■ **WHAT YOU ARE ASKED TO DO**:
Output, exactly as written, the lines below from the one that has "Ash blue saree" through the one that has "3、进入播放页可查看专辑,点击红色箭头指向的暂停按钮可控制播放状态。"; nothing else, and no pictures.

■ **GIVEN RECORDS**:
········
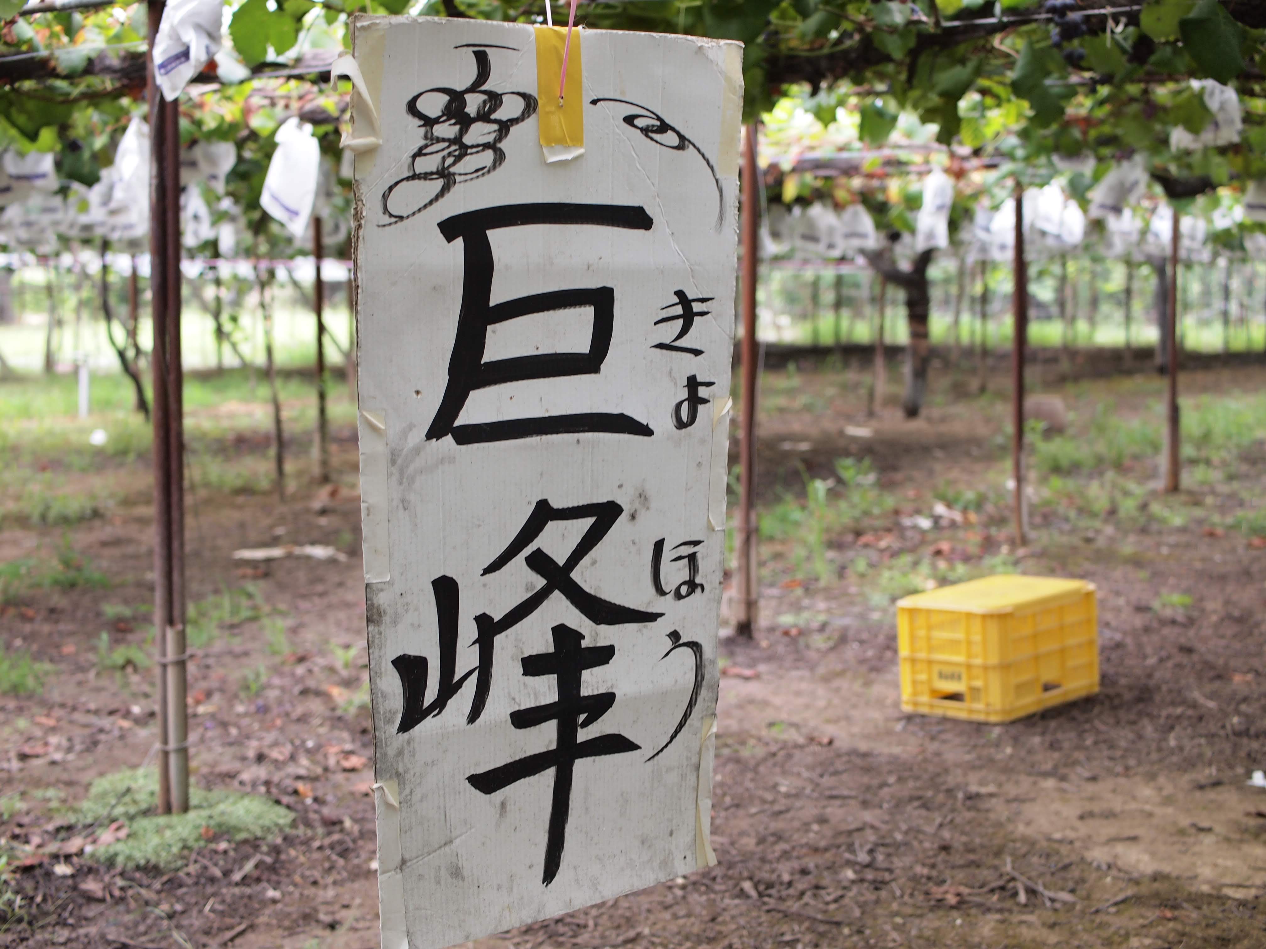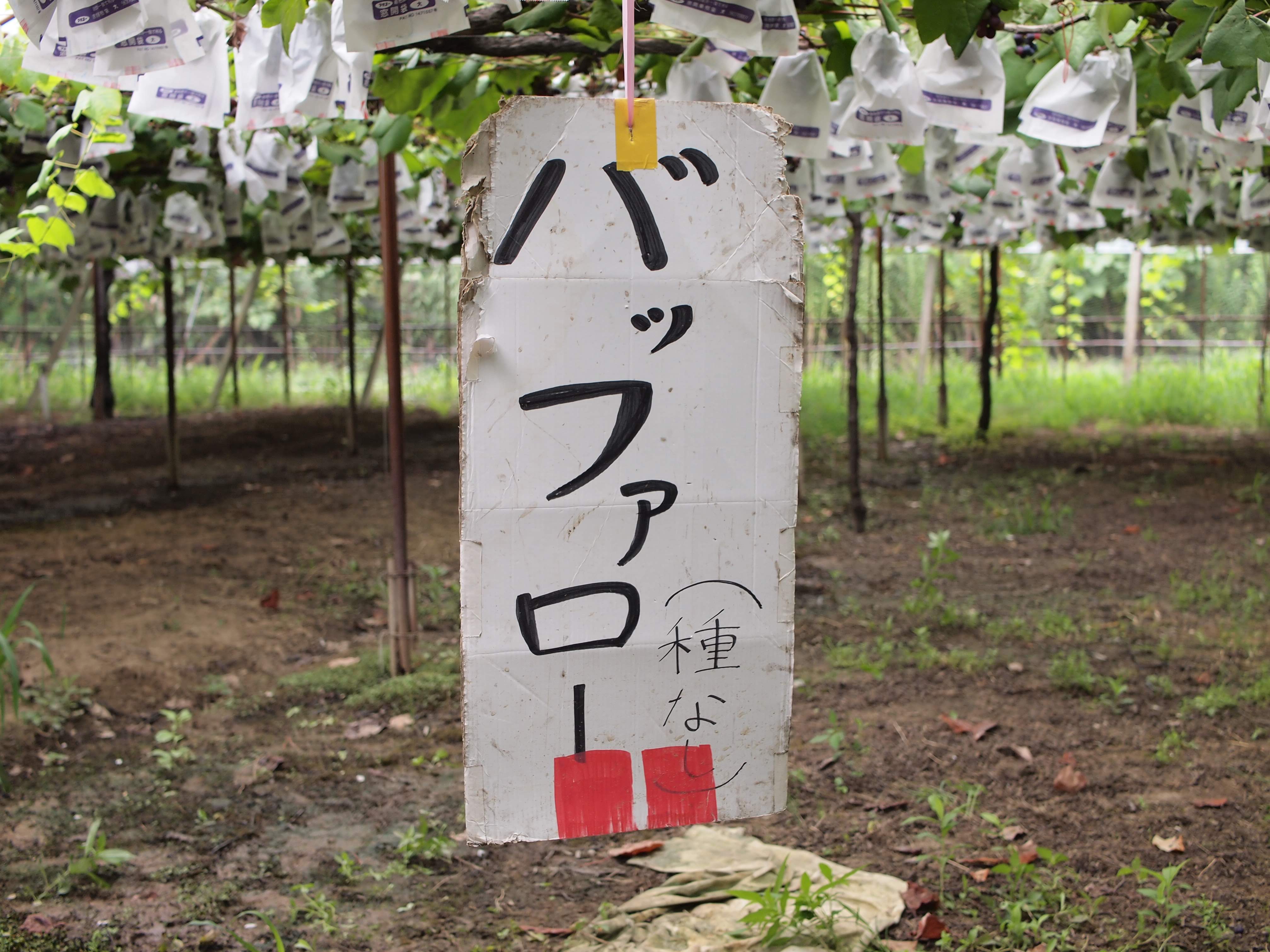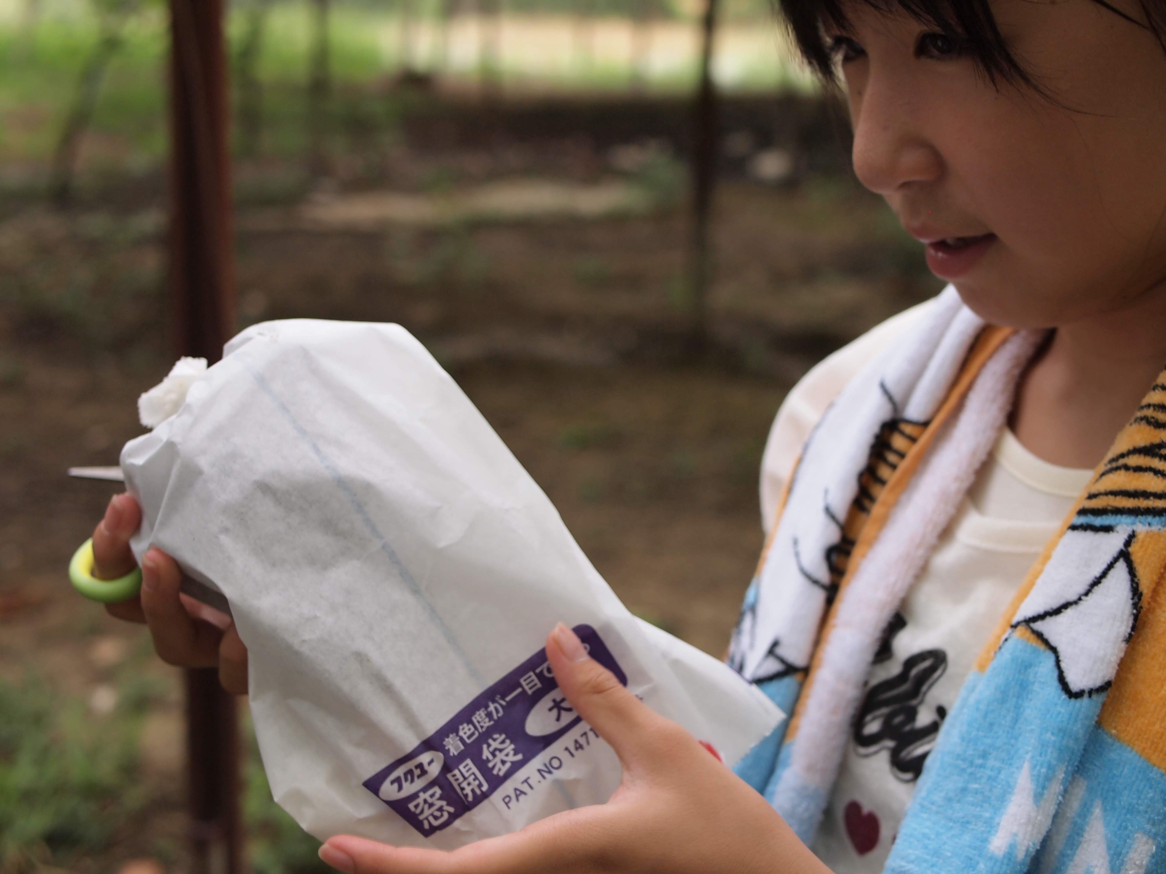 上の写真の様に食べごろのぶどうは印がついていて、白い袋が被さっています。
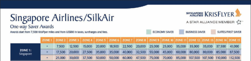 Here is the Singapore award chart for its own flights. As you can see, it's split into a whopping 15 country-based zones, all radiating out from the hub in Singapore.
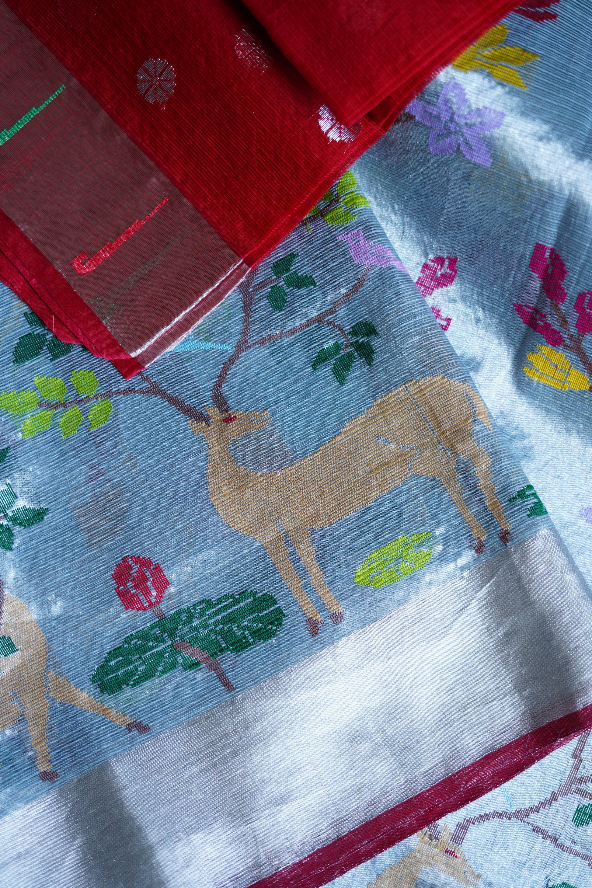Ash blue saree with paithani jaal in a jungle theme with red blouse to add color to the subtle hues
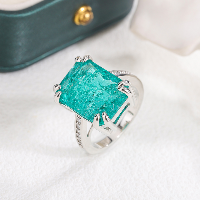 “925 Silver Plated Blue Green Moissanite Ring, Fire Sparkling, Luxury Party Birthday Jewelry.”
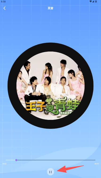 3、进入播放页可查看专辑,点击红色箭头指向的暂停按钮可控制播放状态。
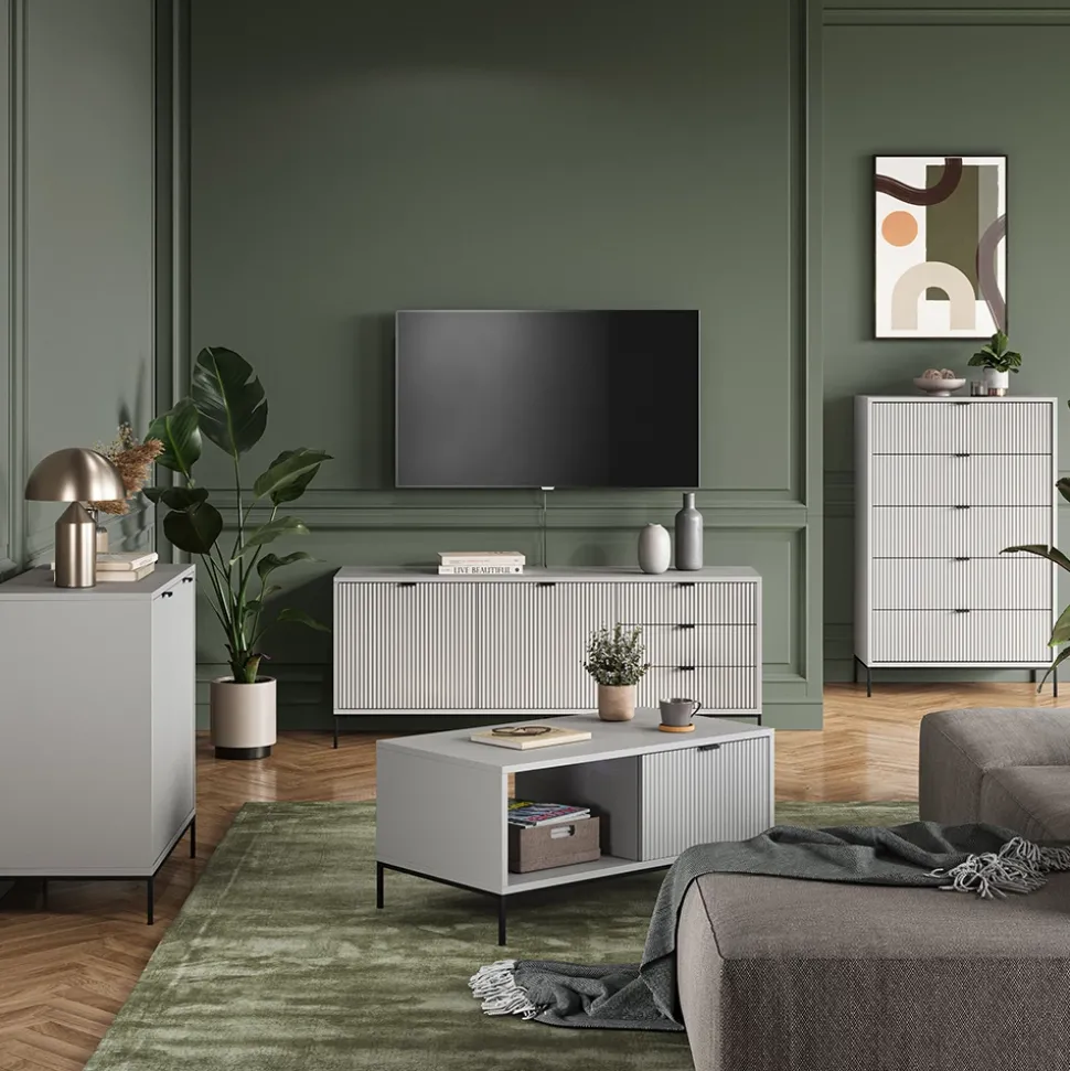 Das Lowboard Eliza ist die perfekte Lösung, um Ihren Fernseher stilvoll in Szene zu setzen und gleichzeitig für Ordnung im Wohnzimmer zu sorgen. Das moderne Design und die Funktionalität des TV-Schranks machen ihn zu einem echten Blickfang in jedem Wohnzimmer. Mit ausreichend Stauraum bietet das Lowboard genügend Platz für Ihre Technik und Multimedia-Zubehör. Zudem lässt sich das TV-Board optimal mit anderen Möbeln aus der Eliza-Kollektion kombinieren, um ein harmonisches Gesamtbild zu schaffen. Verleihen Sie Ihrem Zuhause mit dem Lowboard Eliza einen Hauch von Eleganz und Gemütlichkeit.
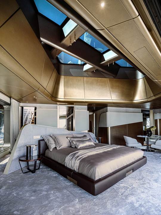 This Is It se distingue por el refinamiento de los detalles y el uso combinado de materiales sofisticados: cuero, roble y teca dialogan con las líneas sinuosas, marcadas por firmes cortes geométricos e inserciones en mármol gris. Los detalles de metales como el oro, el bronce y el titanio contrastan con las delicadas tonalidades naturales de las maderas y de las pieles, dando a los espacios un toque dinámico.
········
■ **YOUR RESPONSE**:
Ash blue saree with paithani jaal in a jungle theme with red blouse to add color to the subtle hues
 “925 Silver Plated Blue Green Moissanite Ring, Fire Sparkling, Luxury Party Birthday Jewelry.”
 3、进入播放页可查看专辑,点击红色箭头指向的暂停按钮可控制播放状态。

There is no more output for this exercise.